- DATA EXTRACT -
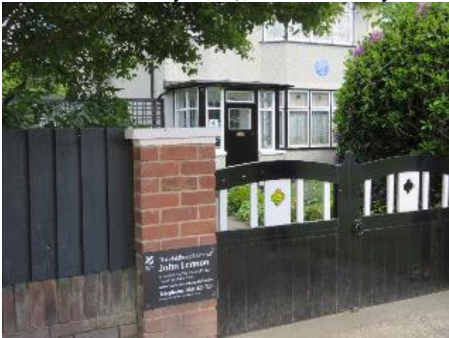
John Lennon's childhood home.

The above sights were all within walking distance of our hotel, but I had planned a drive to some more far-flung locations, including the childhood homes of John and Paul, Penny Lane (including the shelter in the middle of Penny Lane), and Strawberry Field.
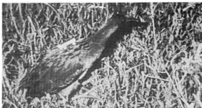
Figure 1. A radio-harnessed Clapper Rail, just after release.

The traps were set in tidal creeks and on small trails, mostly in dense cordgrass (Figure 2). The rails forage along small creeks and also use them as thoroughfares through dense vegetation. In August 1981, for example, 6 different first-year birds were taken from one 20-m stretch of a single creek, 4 of them from a single spot. Where creeks were lacking or poorly developed, trails through dense cordgrass were found in areas where unbanded rails had been observed and such trails were later trapped successfully. It appeared that an active bird would go through a trap readily, if the easiest path of travel was through rather than around the trap (Figure 3). This points out the utility of laying drift
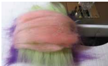
Top color travels to underside
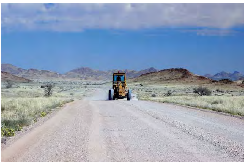
Namibia's gravel roads are regularly graded to maintain them
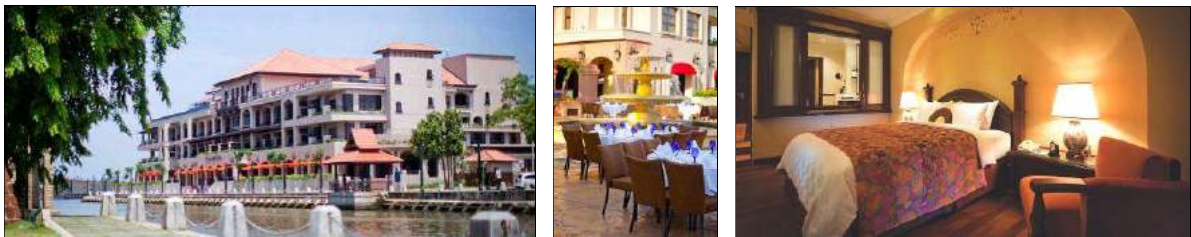
Casa Del Rio Melaka
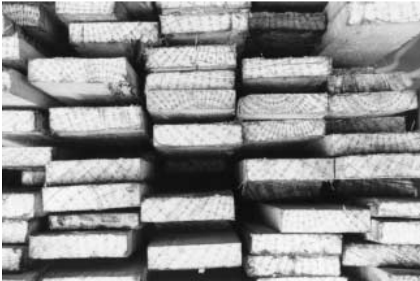
Figure 2. — Board ends after sawing with log template sections attached. Note some darkened templates from exposure to rain.

tacted these films, they were torn from the glued areas adjacent to the cut. This didn't occur with paper and fabric as these products were low strength. Permanent printing was also necessary and this proved more difficult with fabric. The fabric product could not be printed in normal commercial printers. Normal bond paper proved to be low strength so that a clean edge was achieved after cutting. The paper was successful in com-
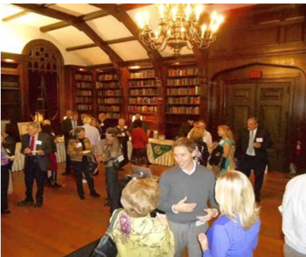
AWARDS BANQUET RECEPTION
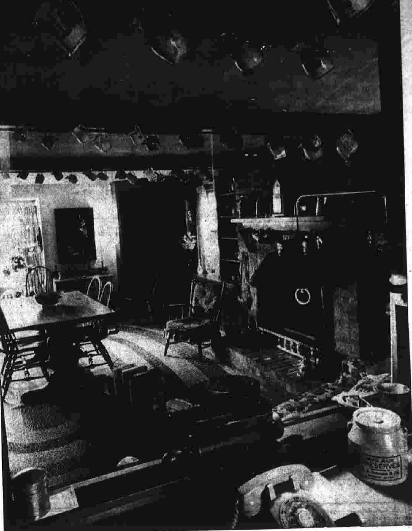
Family room is divided from pullman-type kitchen by waist-high cabinets.
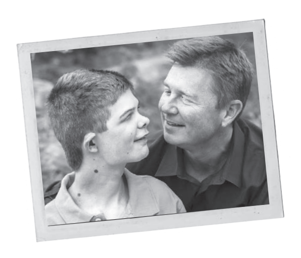
A Father's Courage
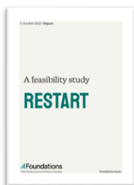
Feasibility study for Drive Partnership's Restart programme
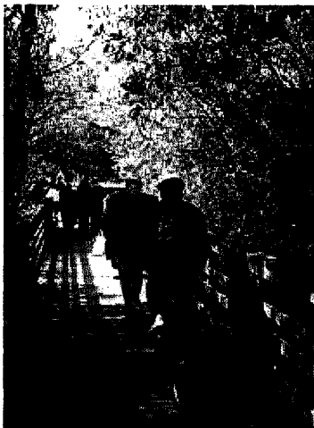
Twin Ponds Park

This program gives communities the opportunity to enjoy parks maintained without the use of pesticides and helps the City better understand how to care for its lands with less reliance on pesticides over the long term.
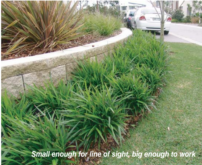
Small enough for line of sight, big enough to work

'Little Jess' only grows to about half the height of many forms of Dianella caerulea ; about 40cm high (high nutrition can make it higher). It is a great commercial and domestic plant. It has excellent humidity tolerance, and good cold tolerance.
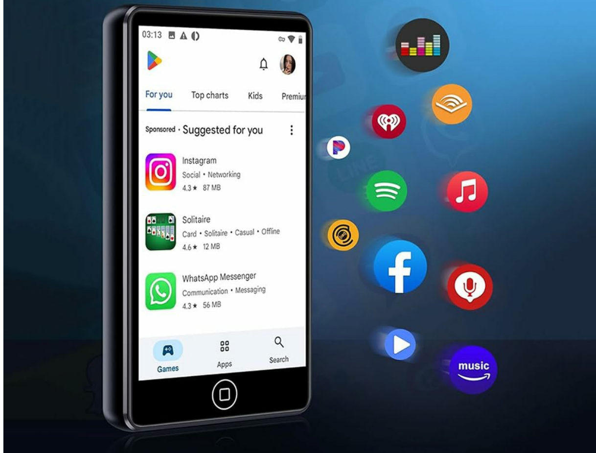
Image 3.1: Front view of the M302 player, highlighting the touchscreen display.

Combine music player, video player, FM radio, voice recording, Ebook, and more in a compact and portable form factor.
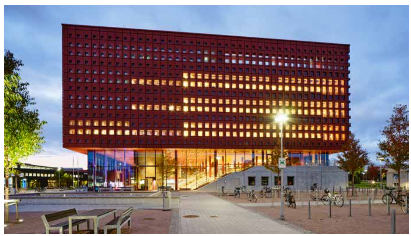
Studenthus Valla, Linköping.
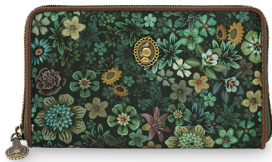
51.273.359 Wallet 18x3x11 cm Tutti i Fiori Green 50% Polyester - 40% PVC - 10% PU Compartment: 1 - Pockets: 5 Fits 5 cards 1/60
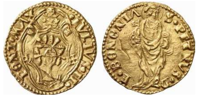
PAPAL COINS Julius II. 1503-1513.

Estimate: 800 EUR. Price realized: 850 EUR (approx. 1,303 U.S. Dollars as of the auction date)
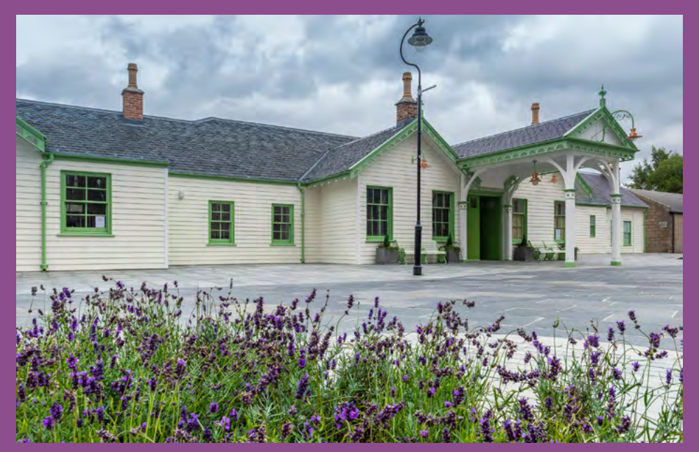
Ballater Station officially re-opened 20 August 2018
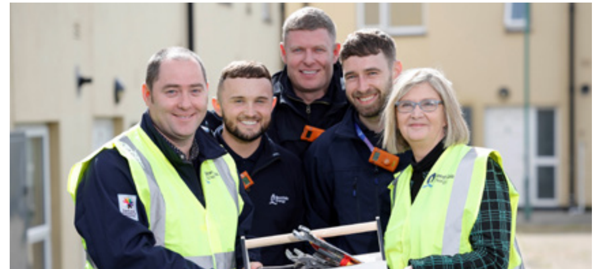
Phase 1 of the Aylward Green heating upgrades

potential, fostering equality, respect, and confidence within their communities.
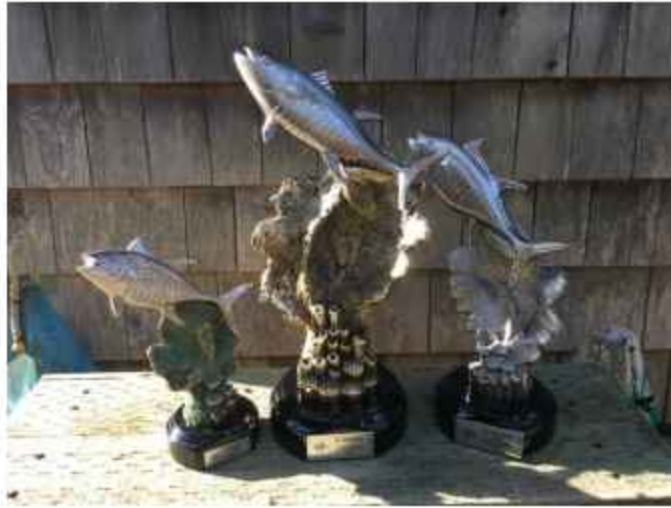
Late arriving trophies

Closing ceremony gathering was held on Sunday Sept 24th from 7 to 9 p.m. at the Best Western Plus, Chocolate Lake Hotel, 250 Saint Margaret's Bay Road.
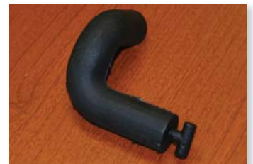
Figure 10: Finished hose part with soluble core in.
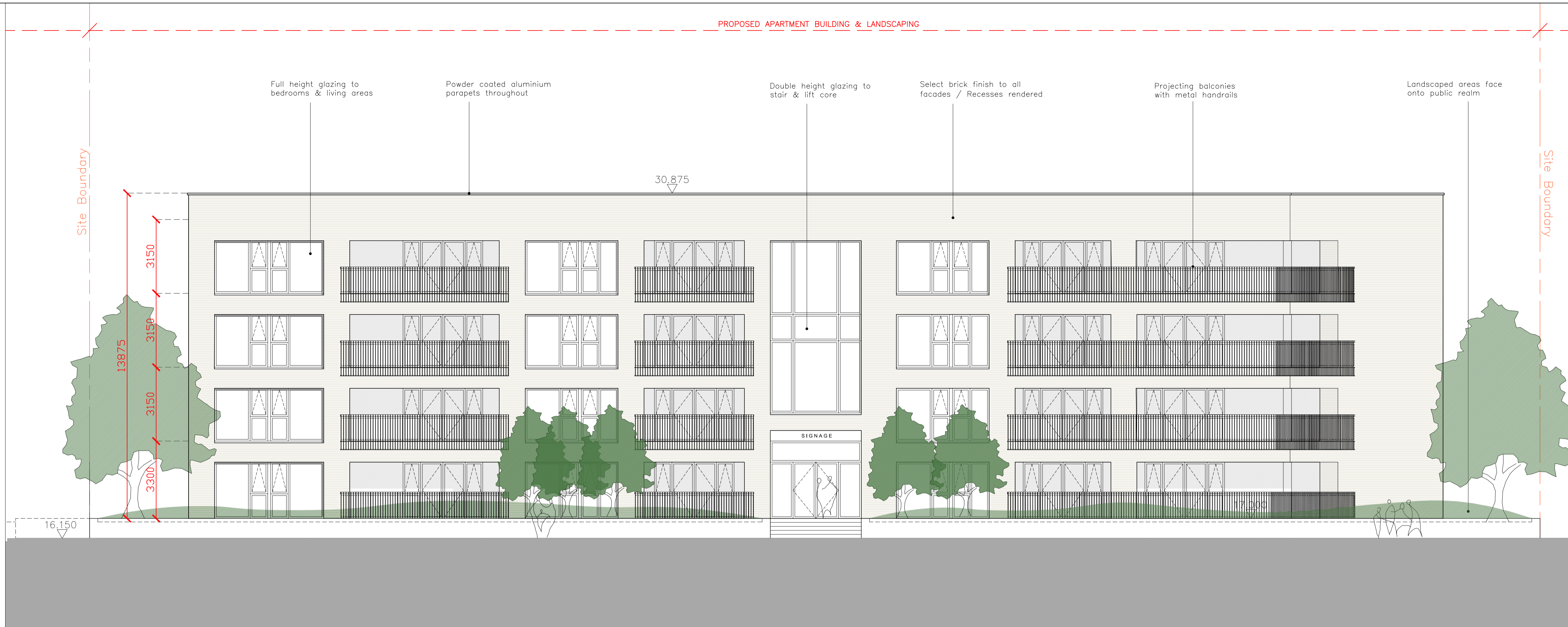
SITE NO 2 - PROPOSED SECTIONAL ELEVATION S2A (NORTH WEST) / SCALE 1:100
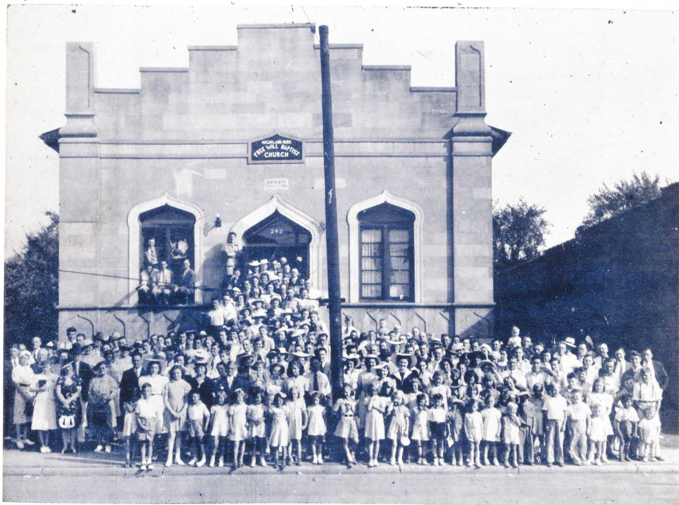
Highland Park Free Will Baptist Church Highland Park, Michigan
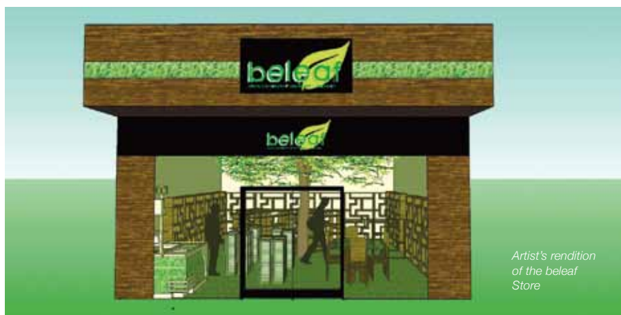
Artist's rendition of the beleaf Store

The team had lofty goals for their business plan. "We wanted to create a store that can change how people think and also change the world. We immediately targeted teenagers, who are largely open-minded towards

- TASK TO CARRY OUT -
Show every line in the listing above that carries the word "John".

- ANSWER TO THIS PROBLEM -
John Lennon's childhood home.
The above sights were all within walking distance of our hotel, but I had planned a drive to some more far-flung locations, including the childhood homes of John and Paul, Penny Lane (including the shelter in the middle of Penny Lane), and Strawberry Field.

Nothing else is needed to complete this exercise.